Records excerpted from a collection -
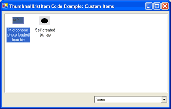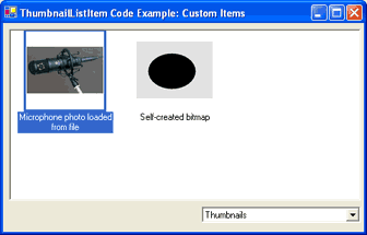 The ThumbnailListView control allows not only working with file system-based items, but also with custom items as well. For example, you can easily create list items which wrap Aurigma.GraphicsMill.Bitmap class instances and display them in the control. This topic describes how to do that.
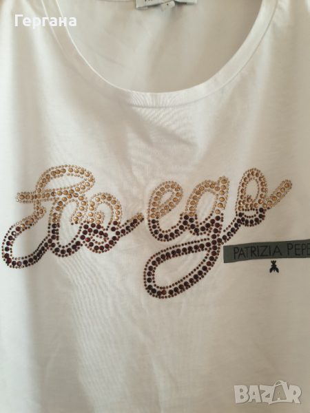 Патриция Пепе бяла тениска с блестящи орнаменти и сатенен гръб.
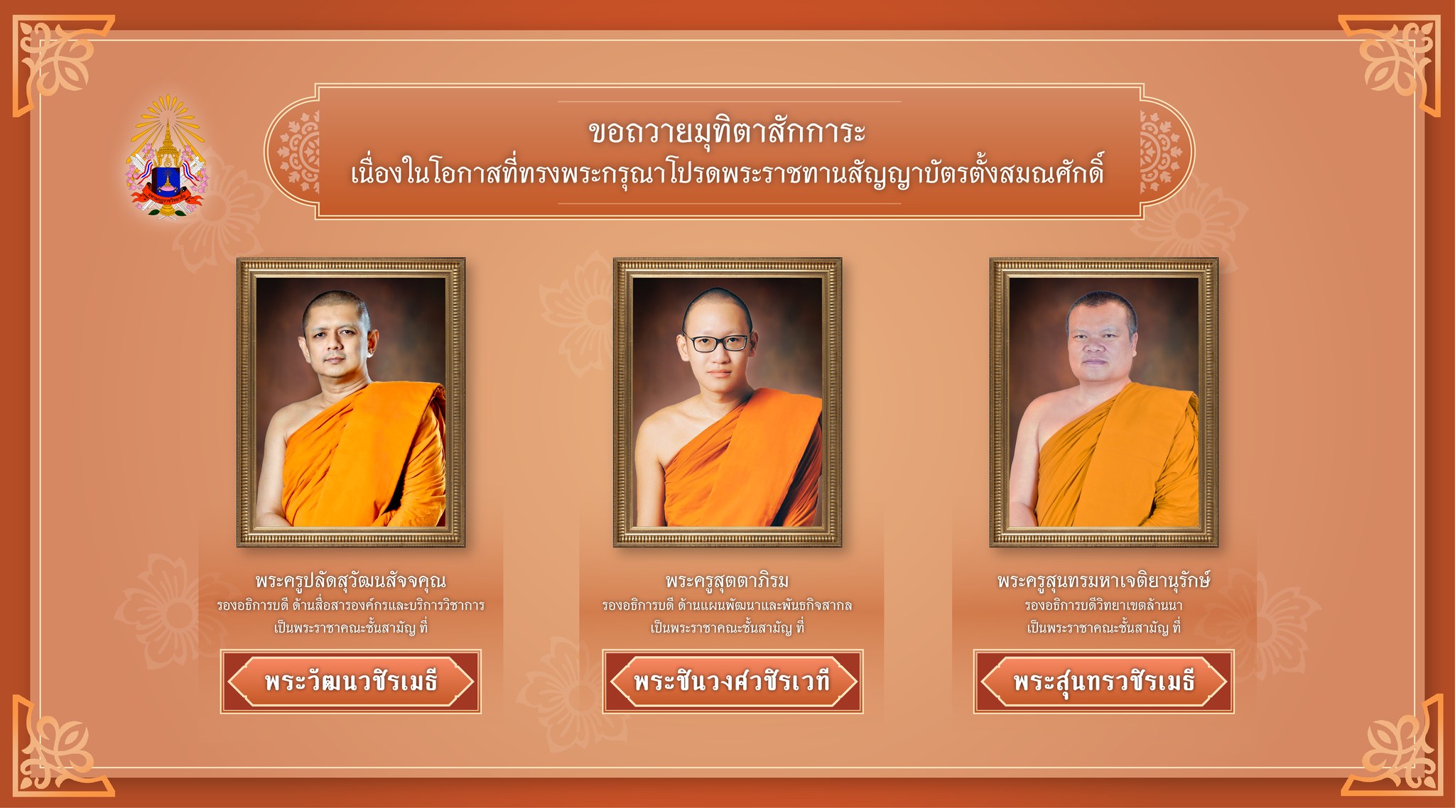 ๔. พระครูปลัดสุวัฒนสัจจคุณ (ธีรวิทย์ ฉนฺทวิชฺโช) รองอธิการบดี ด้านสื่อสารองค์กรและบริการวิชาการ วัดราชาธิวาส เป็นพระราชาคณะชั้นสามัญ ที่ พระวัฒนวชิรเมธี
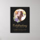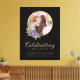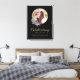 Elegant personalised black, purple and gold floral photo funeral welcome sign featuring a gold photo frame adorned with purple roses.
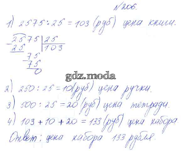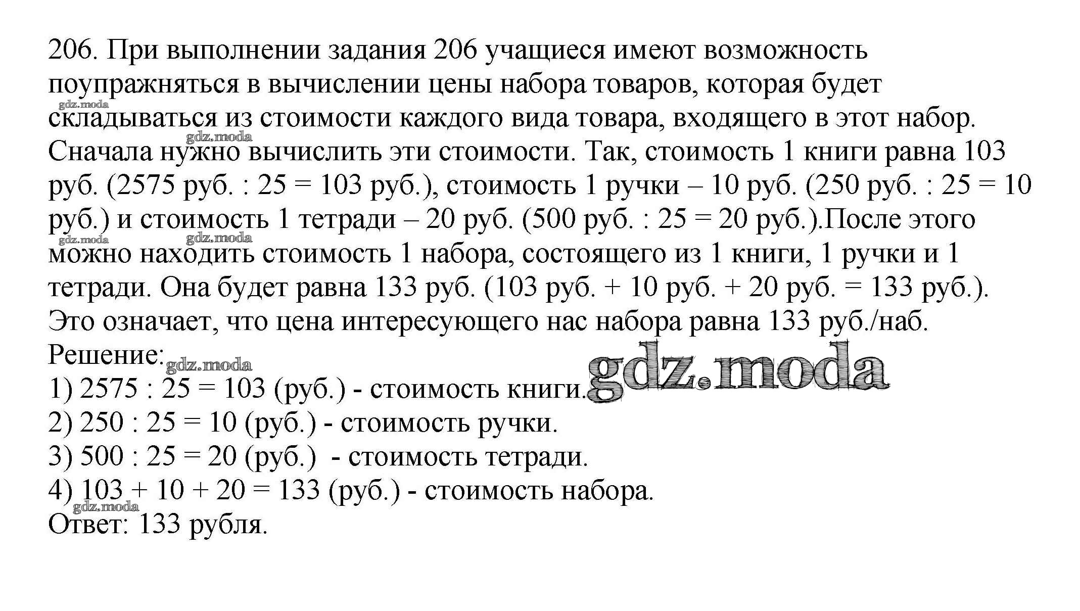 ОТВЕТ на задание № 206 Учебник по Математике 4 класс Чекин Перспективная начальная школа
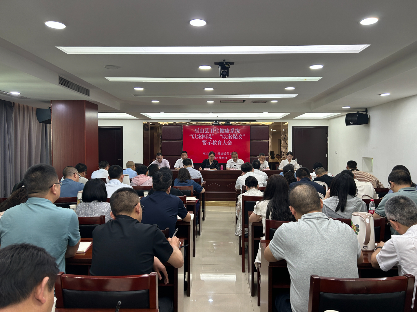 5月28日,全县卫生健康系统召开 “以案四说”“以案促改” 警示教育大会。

Problem to solve - Copy exactly the lines from the one containing "๔. พระครูปลัดสุวัฒนสัจจคุณ (ธีรวิทย์" through the last line of the records above, including both, and omit every picture.

Exercise result -
 ๔. พระครูปลัดสุวัฒนสัจจคุณ (ธีรวิทย์ ฉนฺทวิชฺโช) รองอธิการบดี ด้านสื่อสารองค์กรและบริการวิชาการ วัดราชาธิวาส เป็นพระราชาคณะชั้นสามัญ ที่ พระวัฒนวชิรเมธี
 Elegant personalised black, purple and gold floral photo funeral welcome sign featuring a gold photo frame adorned with purple roses.
 ОТВЕТ на задание № 206 Учебник по Математике 4 класс Чекин Перспективная начальная школа
 5月28日,全县卫生健康系统召开 “以案四说”“以案促改” 警示教育大会。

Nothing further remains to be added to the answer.